| simp3D(func,a,b,c,d,e,f,NX,NY,NZ)
|
function out = simp3D(func,a,b,c,d,e,f,NX,NY,NZ)
% Whayne Padden and Charlie Macaskill 2008
% The University of Sydney, Sydney, Australia
% function out = simp3D('func',a,b,c,d,e,f,NX,NY,NZ)
% func(x,y,z) returns the 3D function to be integrated at argument x, y and z.
% a and b are x limits of integration, c and d are y limits of integration, and
% e and f are the z limits of integration.
% NX number of x intervals, NY number of y intervals, and NZ the number of z
% intervals. Note: NX, NY, NZ should be even but the program will correct for
% this if odd values are entered.
% WARNING: ensure that func(x,y,z) is `vector-enabled', i.e.

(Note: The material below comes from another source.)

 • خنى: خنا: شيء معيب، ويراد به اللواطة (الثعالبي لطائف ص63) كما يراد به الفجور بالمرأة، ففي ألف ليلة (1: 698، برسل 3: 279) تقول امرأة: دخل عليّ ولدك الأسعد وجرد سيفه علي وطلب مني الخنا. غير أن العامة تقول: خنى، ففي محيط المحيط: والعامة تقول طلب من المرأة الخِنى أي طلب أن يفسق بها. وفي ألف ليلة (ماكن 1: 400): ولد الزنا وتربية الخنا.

% can handle vectors correctly, otherwise misleading results
% may be obtained. This code is fully vectorized for speed.
% The 3D simpson's integrator has weights that are most easily determined
% by taking the outer product of each column of the matrix of weights for the
% 2D simpson's rule, with the vector of weights from the 1D Simpson rule.

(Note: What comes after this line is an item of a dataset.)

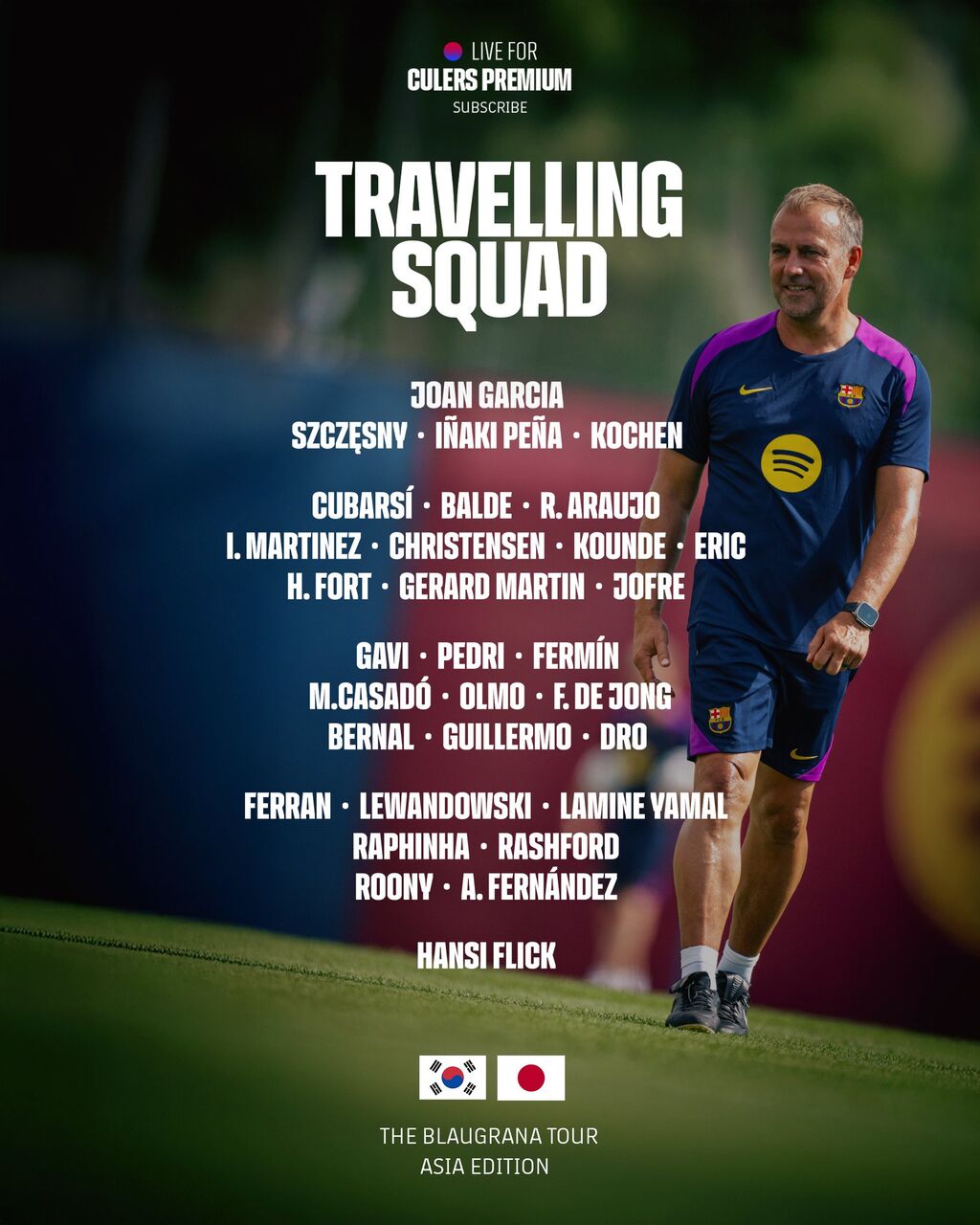 バルセロナは25日、アジアツアーで日本と韓国を訪れるメンバー30名を発表した。

% For example let's take the vector of weights (1 4 2 4 1) for 4 intervals.
% In 2D we now get an array of weights that is given by:
% | 1 4 2 4 1 |
% | 4 16 8 16 4 |
% | 2 8 4 8 2 |
% | 4 16 8 16 4 |
% | 1 4 2 4 1 |
%
% Notice how the usual 1D simpson's weights appear around the sides of the
% array. In 3D if we take each column vector of this matrix and find it's outer
% product with the 1D weight vector we get of course a 3D matrix of weights. If
% we use the usual Matlab notation for a 3D array Z so that Z(:,:,k) represents
% the kth page of the array, we have:
% Z(:,:,1) = | 1 4 2 4 1 |
% | 4 16 8 16 4 |
% | 2 8 4 8 2 |
% | 4 16 8 16 4 |
% | 1 4 2 4 1 |
%
% Z(:,:,2) = | 4 16 8 16 4 |
% |16 64 32 64 16 |
% | 8 32 16 32 8 |
% |16 64 32 64 16 |
% | 4 16 8 16 4 |
%
% Z(:,:,3) = | 2 8 4 8 2 |
% | 8 32 16 32 8 |
% | 4 16 8 16 4 |
% | 8 32 16 32 8 |
% | 2 8 4 8 2 |
%
% Z(:,:,4) = | 4 16 8 16 4 |
% |16 64 32 64 16 |
% | 8 32 16 32 8 |
% |16 64 32 64 16 |
% | 4 16 8 16 4 |
%
% Z(:,:,5) = | 1 4 2 4 1 |
% | 4 16 8 16 4 |
% | 2 8 4 8 2 |
% | 4 16 8 16 4 |
% | 1 4 2 4 1 |
%
% Note that each face of the 3D array is made up of the 2D Simpson weights, ie
% Z(:,:,1) = Z(:,:,5) = Z(:,1,:) = Z(:,5,:) = Z(1,:,:) = Z(5,:,:)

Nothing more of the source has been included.